What is supply chain management?
Supply chain management (SCM) is all about managing the way in which goods and services flow through the whole production process, all the way from being raw materials to finished goods that reach the customers. The process involves shipping, production, as well as the distribution of products, goods, and services.
To pull off supply chain management right, you need suppliers and manufacturers to be as efficient as possible. All the activities need to be streamlined so that costs are kept down, there aren’t any shortages, and the business can stay competitive. Streamlining a business's supply-side activities makes it possible for the business to maximize the value that they provide to their customers by delivering products faster and without shortages.
Effective supply chain management can also help your business minimize risk, reducing the need for expensive recalls and the possibility of having to deal with lawsuits.
Supply chain management is essentially an effort by suppliers to create and implement the most efficient, effective, and economical supply chains possible. The supply chain as a whole includes everything from production to product development to the information systems that are required to direct these undertakings. SCM aims to centrally control or link the production, shipment, and distribution of the goods. It involves tightly controlling the internal inventories, internal production, distribution, sales, as well as the inventories of company vendors.
What are the 5 basic steps of supply chain management?
The 5 basic steps or components of supply chain management are:
This is critical to manage inventory and manufacturing processes. Organizations always attempt to match the supply with the aggregate demand by looking at data and creating an action plan. It is also important for them to keep an eye on demand variations across the value chain so as to not have to deal with the bullwhip effect.
This involves identifying vendors who can procure goods and services to meet the planned or actual demand in the most economical and efficient way.

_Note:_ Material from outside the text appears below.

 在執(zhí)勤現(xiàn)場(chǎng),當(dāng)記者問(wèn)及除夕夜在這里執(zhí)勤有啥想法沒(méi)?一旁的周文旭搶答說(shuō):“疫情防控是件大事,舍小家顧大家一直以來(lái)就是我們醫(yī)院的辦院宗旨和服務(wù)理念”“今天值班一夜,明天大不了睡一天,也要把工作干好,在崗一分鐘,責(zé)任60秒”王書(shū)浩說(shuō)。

Ther eare specific standards that the supplier needs to meet so that the purchasing company can be assured that they are receiving quality goods from the vendor. If there are perishable products being sourced, it is necessary to have a minimum supplier’s lead time which will support a minimal inventory approach. But with the non-perishable products, the supplier’s lead time should be less than the number of days by which inventory would reach zero.
This involves performing all the activities that are required to transform the raw materials in the finished product. Tasks like assembling, testing, and packing are carried out at this stage of supply chain management.

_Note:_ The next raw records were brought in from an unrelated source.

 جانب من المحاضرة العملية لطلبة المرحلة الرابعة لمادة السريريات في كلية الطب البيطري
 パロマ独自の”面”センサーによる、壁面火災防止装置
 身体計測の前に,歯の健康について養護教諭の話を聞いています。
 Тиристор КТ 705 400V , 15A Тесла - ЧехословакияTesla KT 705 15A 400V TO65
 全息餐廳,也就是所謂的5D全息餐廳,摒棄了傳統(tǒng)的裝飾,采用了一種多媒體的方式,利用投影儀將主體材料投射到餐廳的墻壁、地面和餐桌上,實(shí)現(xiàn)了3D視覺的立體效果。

This involves using various means of transportation like road, rail, and air to get the products to reach customers at the right time, according to their demand. This step of supply chain management has a major impact on the firm’s brand image.
This post-delivery support process involves taking care of products that are being returned. This is also known as Reverse Logistics. Doing this right helps improve the company’s relationship with their customers. It makes them come off as a company that cares about its customers and not like one that is just trying to make money off them.

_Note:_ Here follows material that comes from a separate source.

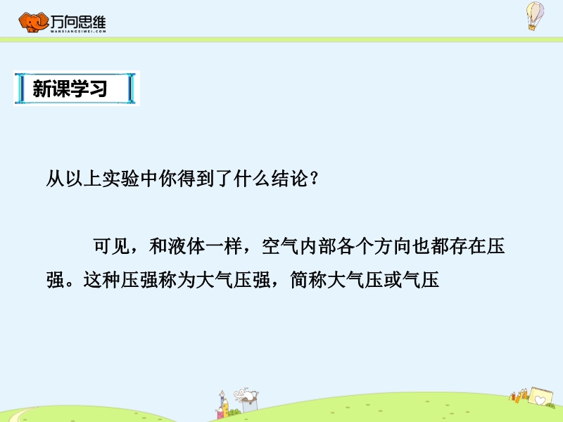 【内容简介】一、怎样知道大气有压强和液体一样,空气内部各个方向也都存在压强。这种压强称为大气压强,简称大气压或气压马德堡半球实验进一步证明了大气压的存在,而且证明其非常大那么,大气压强到底有多大如何测量呢?二、怎样测量大气压1.估测大气压(1)把注射器的活塞推至注射器筒的底端,然后用橡皮帽堵住注射器的小孔,这样做的目的是将管内空气排出(2)用刻度尺测出注射器的全部刻度的长度为为L,从注射器上可以知道体积为V,计算得到活塞的横截面积为S=V/L根据二力平衡知识:F大气=F拉,又: F拉=G码=m码g,所以:P大气= F大气/S塞= m码g/S= m码gL/V该实验过程中导致误差的因素有?a.橡皮帽漏气、筒内没有完全排尽空气、活塞与注射器筒间不完全密封会使实验结果偏小;b.活塞与注射器筒间有摩擦会使实验结果偏大; 2、托里拆利(意大利 )实验

What are the 6 types of supply chain management?
The Continuous Flow Model
This supply chain model is built for efficiency. It’s all about providing stability in high-volume environments. It’s a classic supply chain model and is most appropriate for manufacturers who produce the same product on a repetitive basis, without any substantial design changes or alterations.
The continuous flow model is great for commodity manufacturing. The high level of efficiency that it provides allows for lower prices on the final product.
The Fast Chain Model
This supply chain model is all about responsiveness. It’s a great fit for manufacturers who change their product line on a frequent basis. It’s best for manufacturing trendy products that see great demand at one point and then just lose their demand soon.
To put it simply, the fast chain model is meant for manufacturers who want to flood the market before a trend cycle ends. It’s all about gaining the first mover advantage.
The Efficient Chain Model
This model is meant for hypercompetitive industries in which end-to-end efficiency is of critical importance. It lays great emphasis on production forecasting to properly burden and sweat machinery assets.
It also focuses quite a bit on commodity and raw material prices.
The Agile Model
The agile supply chain model is a good fit for manufacturers that deal in specialty items. It’s fine tuned for particularly small product batches where less automation and more expertise is required. The additional valued added by using this supply chain model makes it possible for the businesses using it to charge higher prices.
Businesses using the agile model can increase their production volumes. But past a certain threshold, they just can’t match the level of efficiency that comes with using the efficient chain model.
The Custom-Configured Model
The custom-configured or custom-configuration model concentrates on providing custom setups during production and assembly. Generally, this setup time occurs at the start of a longer production and assembly run process. It is a higher-touch model that could bring shorter turnaround times and smaller product batches. You could consider it to be a combination of the agile and continuous flow models.
The Flexible Model
This approach tries to be an ‘all-weather’ approach of sorts. It can scale up for high demand volumes during a peak season, and even cut down when there are stretches of low-to-no demand. To use this model, businesses need the right tools as well as a broad supplier network or a team with a particularly a broad knowledge base.